As an experiment I set up a web site that would never get any real human traffic beyond the stray person following some link in twitter. When I say the site has no human traffic, we’re talking ghost town, if there’s more than a couple of visitors a day it’s amazing. However, that was the intent so that it was easy to spot automated traffic vs. human traffic as it was 99.999% automated visitors.
Blacklists are ineffective.
Many people still use simple lists of known user agents to block bad traffic coming to their servers but when that bad traffic doesn’t want to be caught in those simple lists it uses the same user agent as a browser. As a matter of fact, more bad traffic now identifies itself as a browser more than ever before because they want access to your site without being easily stopped.
The Smoking Gun. Seeing is Believing.
The report below shows the activity coming from 126 data centers and fake browser user agents are highlighted in various colors for each browser user agent. The data was filtered to show each unique occurrence of a user agent coming from a host. There may have been many repeat visits, many IPs used, etc. but it’s just too much data to include in this report as the purpose here is just to show what kind of user agents are coming from data centers where there are no humans, only servers.
One caveat is the bots allowed access to the site, such as googlebot, bingbot, etc., won’t show up on this report as we were only looking for stuff hiding in the woodworks that didn’t want to be identified. If you see something that identifies itself as googlebot or one of the other well known crawlers it was either a fake or the real thing crawling through a proxy which, if allowed, could result in proxy hijacking of a site in some search engines. Don’t be confused by just anything claiming to be googlebot because scrapers do this to bypass blacklists and some bot blockers because googlebot and the others are typically allowed access which makes their user agents a vulnerability to many simplistic bot blockers.
User Agent Report by Host
Click to view User Agent by Host in a new tab.
Tip of the iceberg.
There was a lot of additional activity on the site not in the report, including other hosts that aren’t currently on my block list because they have mixed use of their IP ranges, such as DSL services, and they can’t be easily sorted out from the hosting IPs. Additionally, there was automated activity being tracked from IPs that are assigned to residential usage on various ISPs also not included in the report.
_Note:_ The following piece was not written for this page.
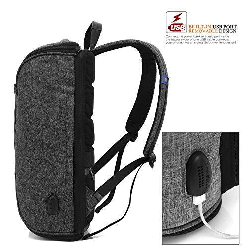 Details: CoolBELL bases on the cutting-edge of fashion trends. Pursuing the best quality of laptop bag category and devoting to providing the best product and service to customers. We make every effort to achieve the best in every detail of design, color, material, sewing, sales and service USB 2.0 Charging port design Built-in USB cable. Use it to connect the power bank, then connect your phone with original USB cable to the USB port, you could charge your phone conveniently. Personality design Personality design provides a newest and unprecedented experience. You won¡¯t regret to get it. Foldable design With a long main zipper, this backpack can be foldable if you want. Unzip the zipper, you could fold it to a luggage, good helper for your trip. Luggage Belt design A luggage belt been added to the back of the bag, so convenient function for fixing the bag to a luggage trolley. Still, an ant-thief pocket been added for keeping precious items. Dimensions:17.3 x 13.5 x 5.5 inches; Fits up to 15.6 inches laptop. Weight:2.2 lb Color: Grey Black Construction: Independent laptop compartment.Special design laptop compartment provides more protection for your laptop. Side zipper. Thick foam padding provides shock-proof function. Functional Accessory compartment: Designed for keeping laptop accessory like power cord, mouse etc, books, documents, iPad etc, something other daily use items you want to carry. 13 pockets inside helps you keep varies items you want to carry. Using occasions : School life, Business, working, weekend, trip etc.Classical joker. Warm tip: Please do not worry about the no poisonous material smell with the bag when you receive it, the smell will disappear in a airy place for a while.

This is just a specific example of all the bad activity going on at hosting centers which is about half of the bad action now that many scrapers have high speed cable they don’t need to do their dirty deeds from a server which makes them even harder to block.
What are all these bots doing?
Here’s a brief list of what some of these browser user agents are actually doing on your site.
- Data mining
- Brand monitoring
- Copyright monitoring
- Reputation monitoring
- SEO Tools
- Screen Shots / Page Preview
- Web proxies
- Domain intelligence
- And more, all parasitic
Blacklists don’t work, waste of time.
What we can take away from this is that blacklists are a big waste of time because they only stop traffic that makes itself easy to identify which isn’t the goal of most as they want what they want without anyone interfering. Additionally, blacklists only stop user agents already known and some scrapers send random user agents so you can never stop them with a blacklist, never.
Blocking data centers is the only way.
They’re profiting off your hard work for free and often intercepting your profits too when they outrank your site for your own content so ignoring the situation isn’t an option.
Prohibiting all port 80 activity coming from those data centers is the only effective way to stop all of the unwanted traffic. Remember, we’re only talking about port 80 blocking here so you won’t interfere with email or anything else as long as you only block port 80. If there happens to be something you want to allow access, such as a new search engine or some other site, exceptions can be made to the port 80 firewall by whitelisting specific IPs and user agents ahead of the data center block list allowing everything to operate without any problems.
Hope this explains the situation and shows that activity from data centers is a more substantial problem that most are willing to admit. The vermin are out there are like cockroaches on the internet feeding on all your sites daily and they are pretty unstoppable unless you start blocking data centers.